Letter from the Editor

Letter from the Editor

The condition of the great majority of infant citizens of the democratic, socialist and secular Republic of India whose uncaring 200 million-strong middle class harbours super-power ambitions and a seat at the high table for the nation, is so wretched that even those who are obliged to witness it in detail are likely to be traumatised. It’s painfully shocking but true that 48 percent of the country’s 140 million children under five years of age are forced into a bleak existence, suffer severe malnutrition and consequential stunting and danger of brain damage. Moreover, the overwhelming majority of them are denied professionally-administered  early childhood care and education (ECCE), vital for their growth and development into self-respecting, contributing citizens.

A former business journalist, your editor was awakened to the critical importance of ECCE in 2005 by the Los Angeles-based educator and  philanthropist Lowell Milken, co-founder of Knowledge Universe, perhaps the world’s largest K-12 company which owns over 2,500 preschools in the US, UK and South-east Asia, and a shareholder of  the parent company of this publication. Since then, EW has not only been monitoring and rating and ranking the country’s best pre-primaries/preschools, but has also convened four ECCE Global Conferences featuring the world’s most respected early childhood education professionals, with the next one  scheduled for January 23, 2015 in Mumbai.

I believe EducationWorld’s Pauline conversion and sustained advocacy of ECCE has borne some fruit. Our annual league tables rating and ranking India’s most respected preschools on several parameters of ECCE excellence are eagerly awaited by young parents and early childhood educators as well. Moreover, last September (2013) at the fag end of its barren, scandalous ten-year term in office at the Centre, the Congress-led UPA government approved a National Early Childhood Care and Education (NECCE) policy draft of the Union ministry of women and child development, which makes it mandatory for all 1.6 million anganwadis — nutrition centres for new-born infants and lactating mothers established by the Central government under its Integrated Child Development Services programme, 1975 — to also provide professionally-managed ECCE to children at the bottom of the country’s iniquitous socio-economic pyramid.

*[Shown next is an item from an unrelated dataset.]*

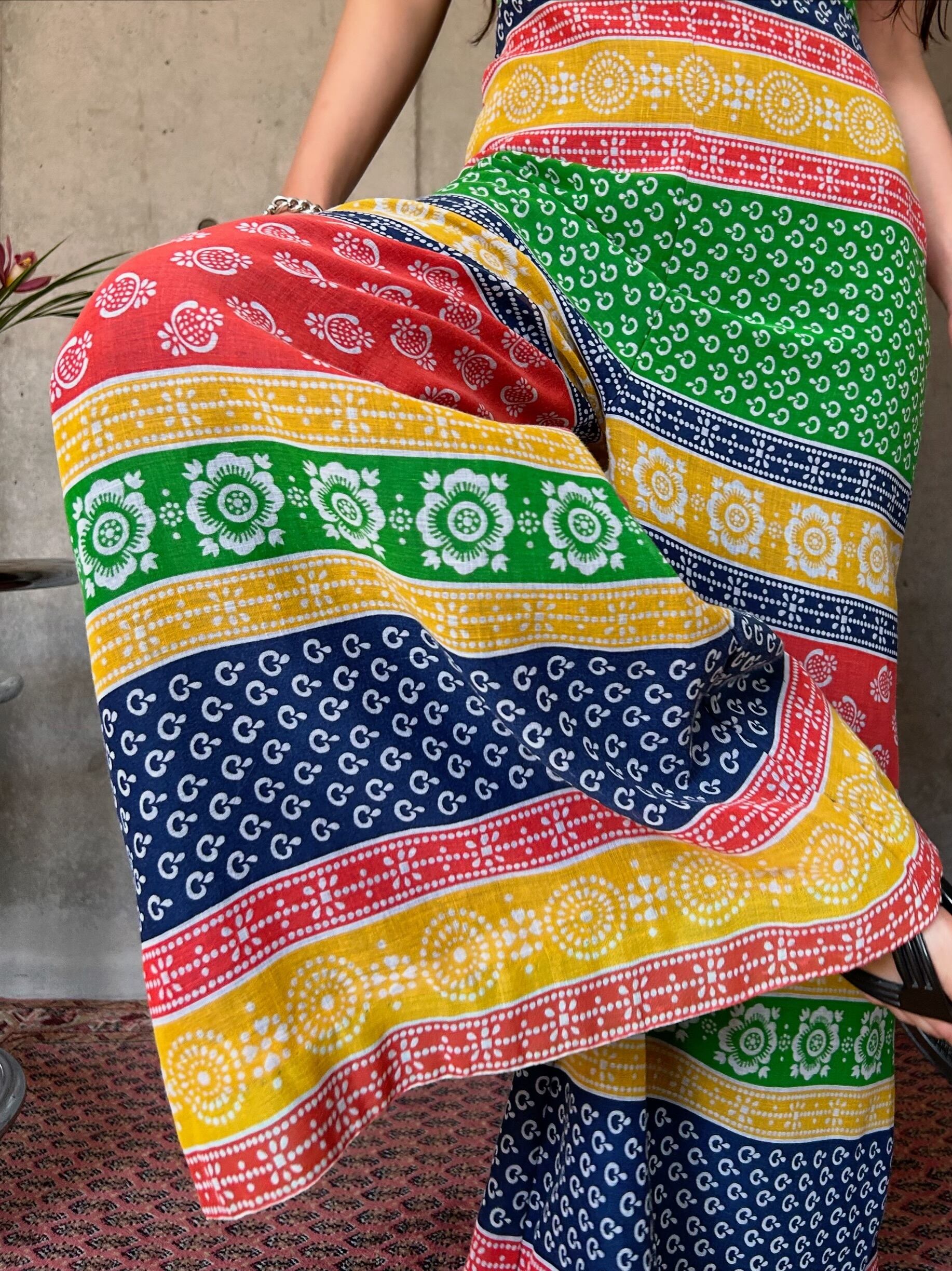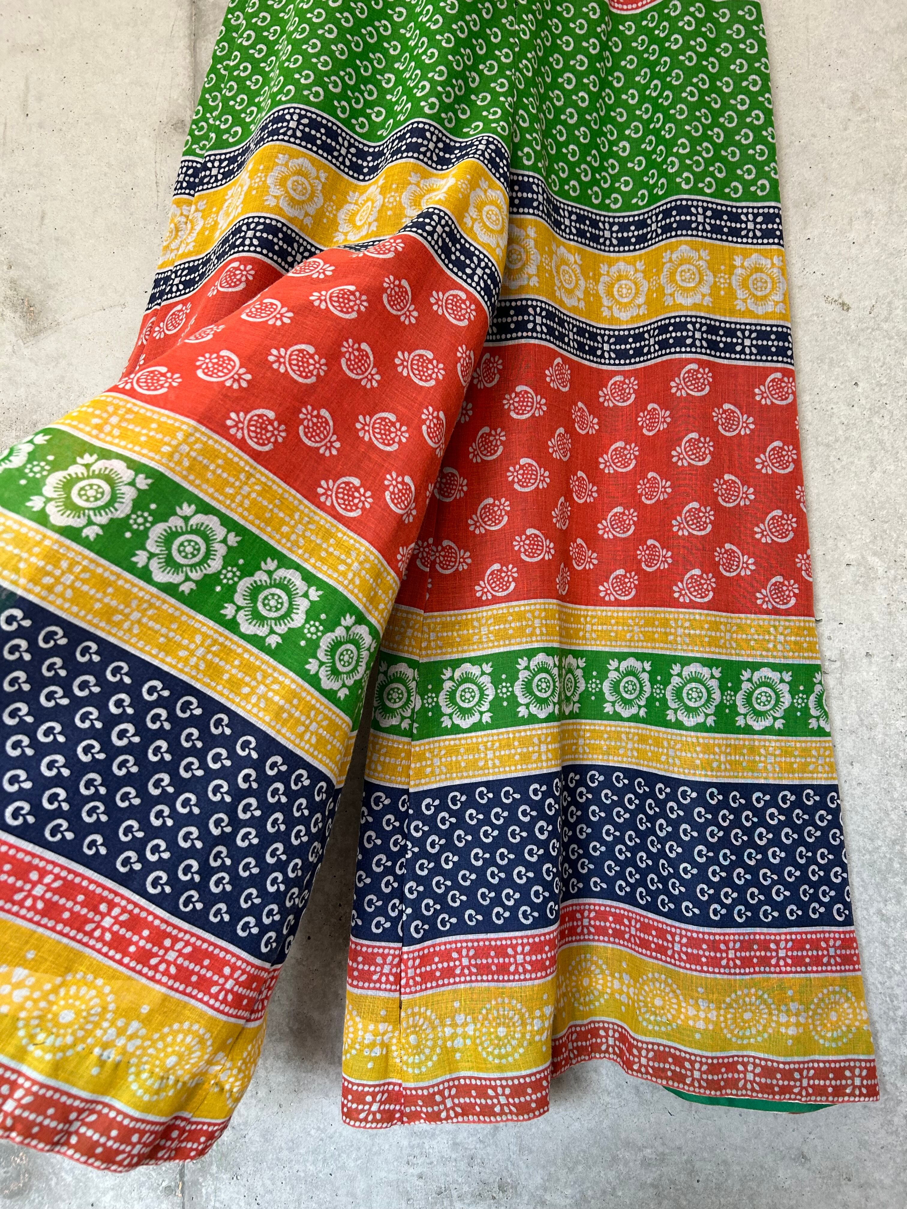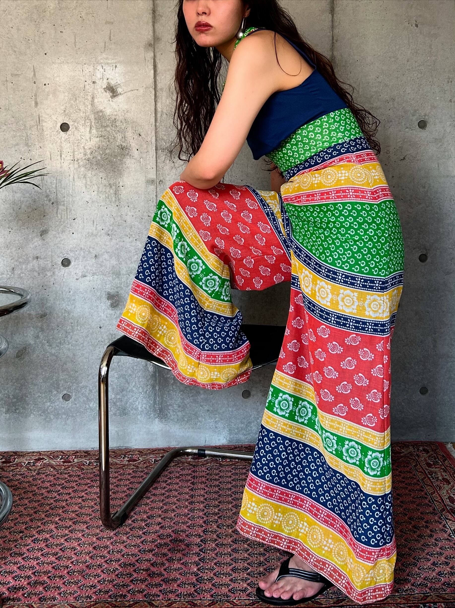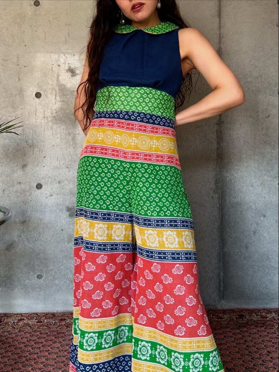 ヴィヴィッドなカラーリングとエスニックパターンが目を惹く、70'sのジャンプスーツ。

Meanwhile in this Christmas issue of EW, we present detailed league tables, the outcome of over 200 field professionals of the Delhi-based market research and opinion polling company C fore quizzing over 3,128 young parents of pre-schoolers, and principals/teachers in ten cities countrywide on the relative merits of best pre-primary schools delivering professionally-administered ECCE. It’s easy and trendy to dismiss private ECCE institutions as a minuscule, elitist phenomenon. But if you read about the education, finance, human and other resources their promoters, principals and teachers have invested in shaping and nurturing them, you might believe — as I do — that they are heroic individuals and educators.